The strongest objection comes from exactly that living relative. Self-report is not merely decorative; it can be trained toward honesty and made predictive. I concede it without reservation, and the concession sharpens the claim rather than softening it. Those are methods for raising the reliability of a signal, and reliability is not the point. A self-report that is ninety-five percent honest still leaves a systematic exploit, because the satisfaction condition is a token the agent can produce without the act, and a drifting model or an adversary needs only to produce it. Pricing failure will lift the average; it will not close that gap, because the gap is structural, not statistical. So the defensible claim is narrow and, I think, hard to dislodge: self-report is insufficient as a sole binding control wherever correctness must hold under pressure, however reliable the report is made.
The practical residue is one question to ask of any proposed safeguard for these systems. Is its satisfaction condition something the model emits, or something the world exhibits.
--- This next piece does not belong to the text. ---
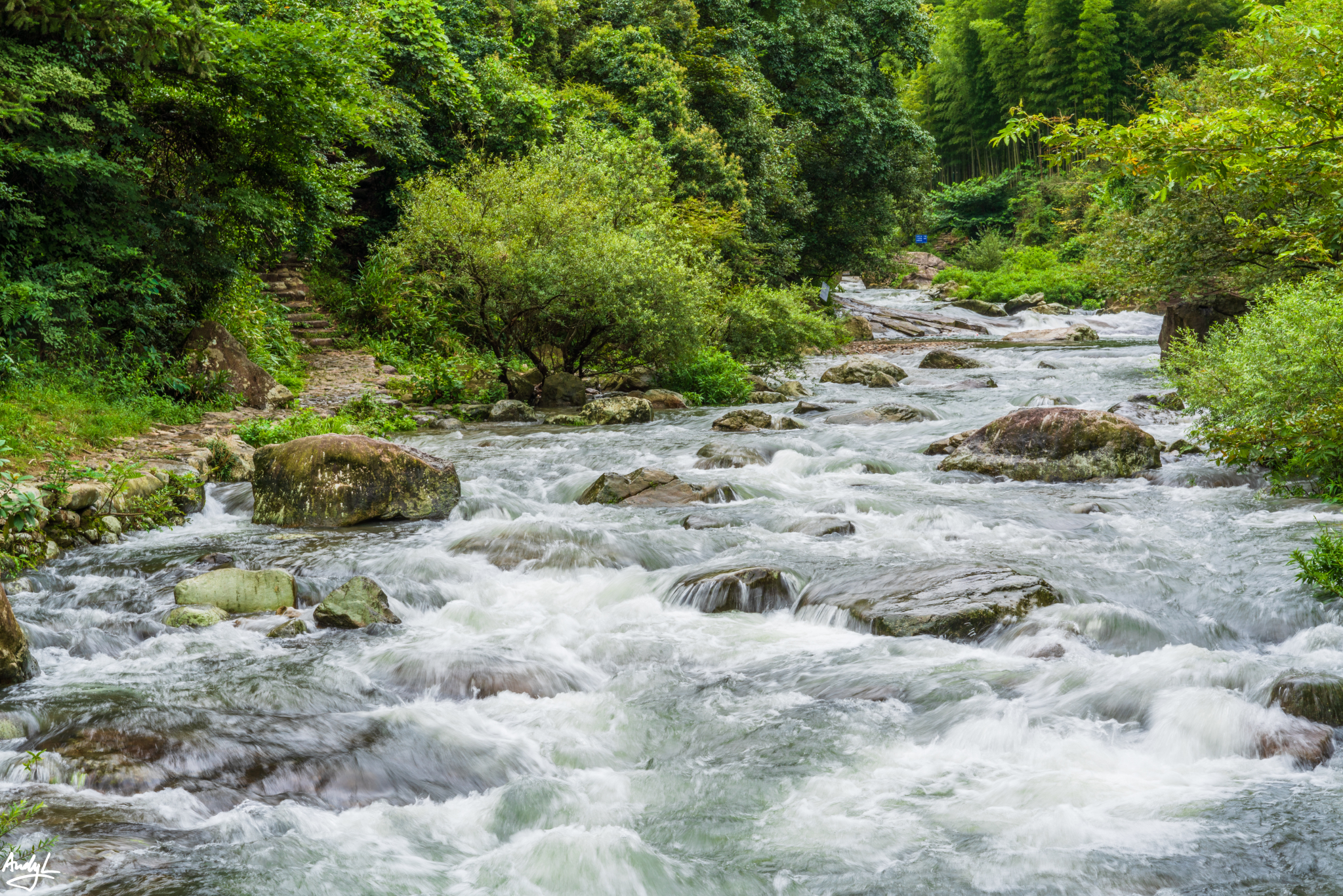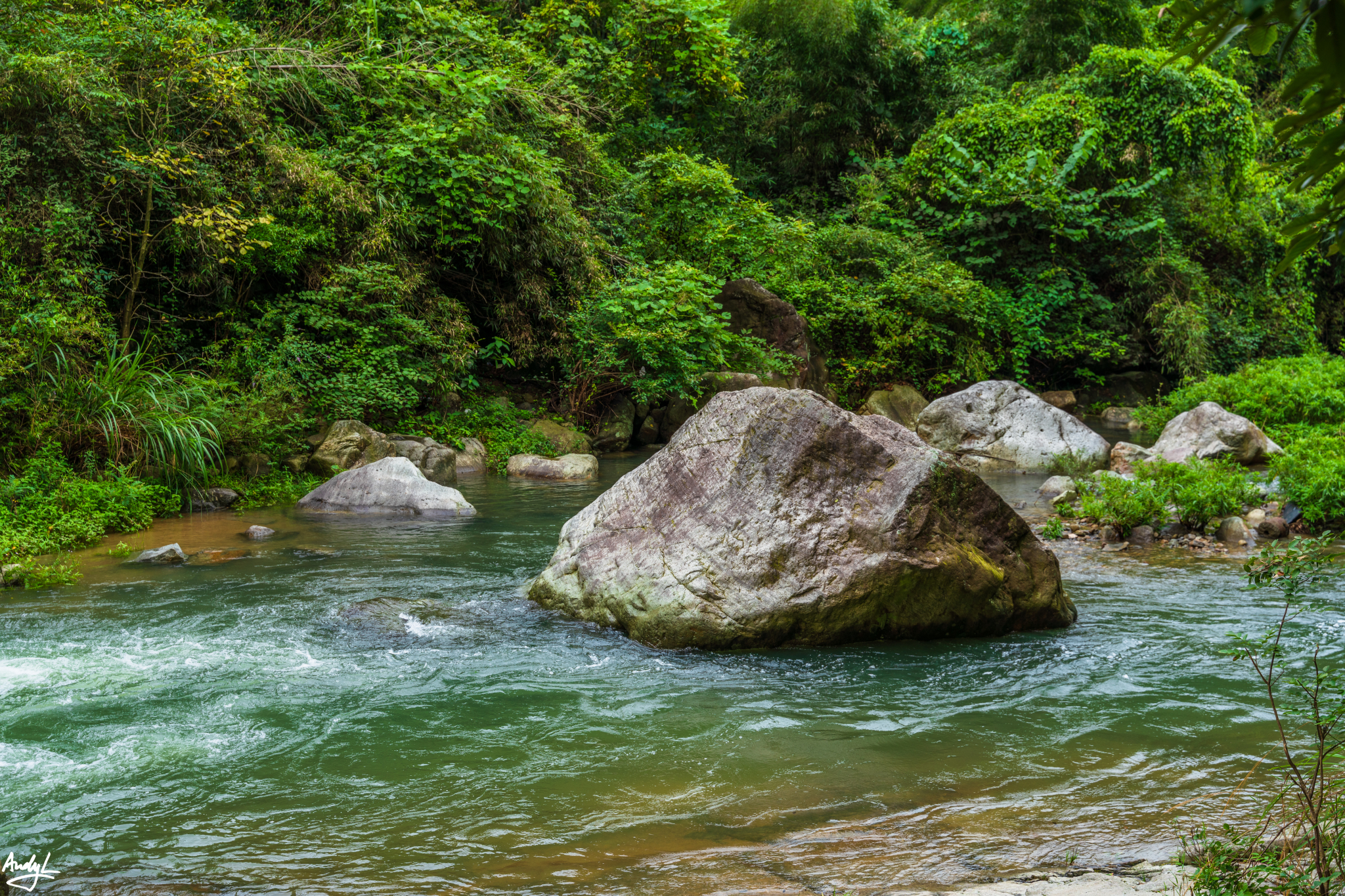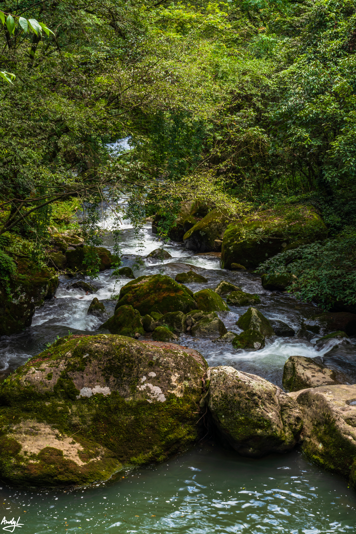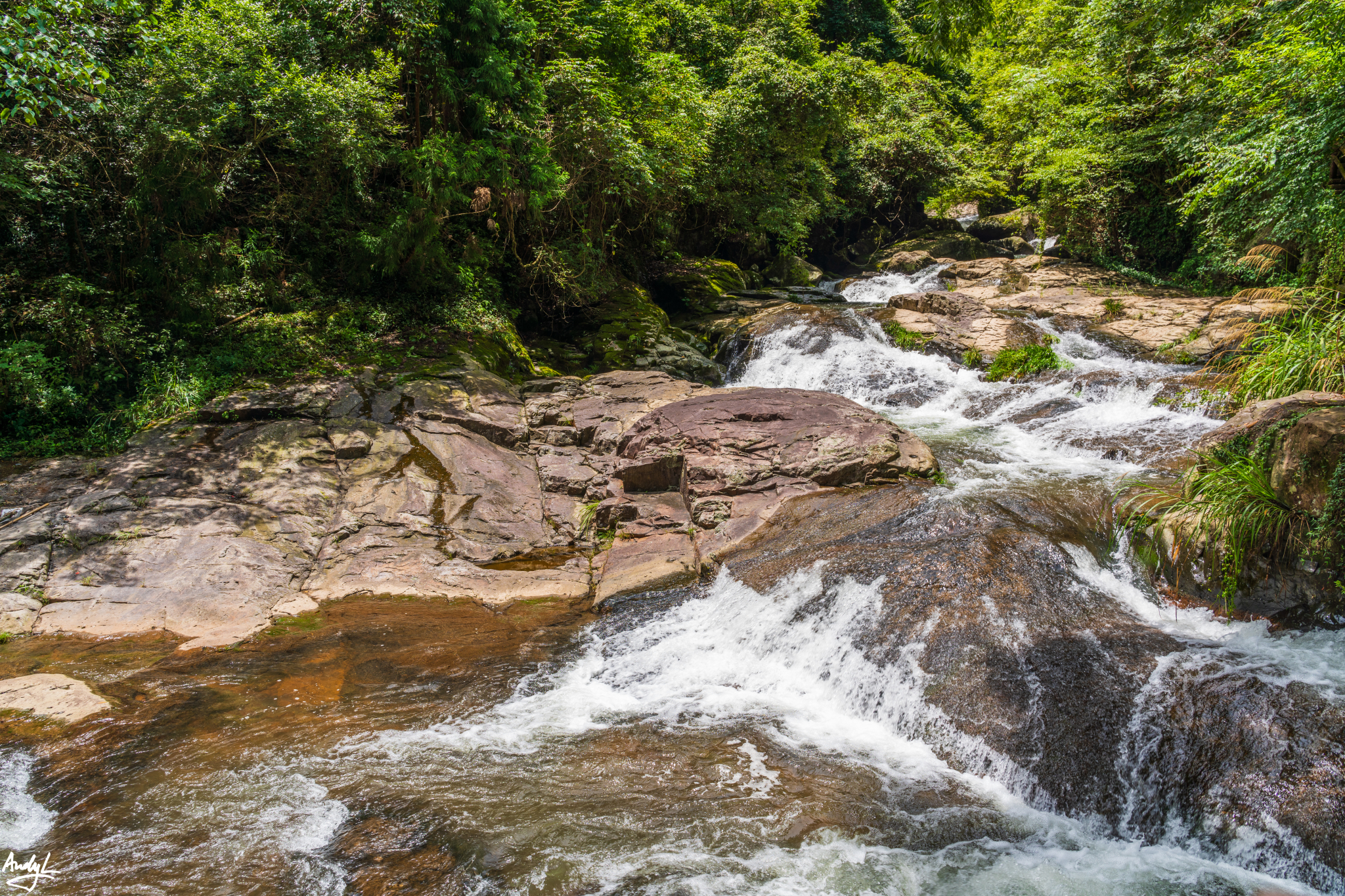 由于我们到之前刚刚下过暴雨,所以小溪的水量非常大,甚至某些地方可以用汹涌来形容。原本的溪水应该是清澈见底的,但是大量的雨水卷起泥沙,所以有些浑浊。

Most of the gates now being offered are confab gates, and they do nothing the model cannot undo by talking. Build the state-keyed kind, or you have built theatre.
On the floor of the old Exchange a word could stand for a bond because a man’s standing was the collateral, and a broken word cost him the room. The agent posts no collateral and fears no room. Its word answers for nothing, so do not take it as answer. Read the ledger, not the assurance. All dictum, no pactum.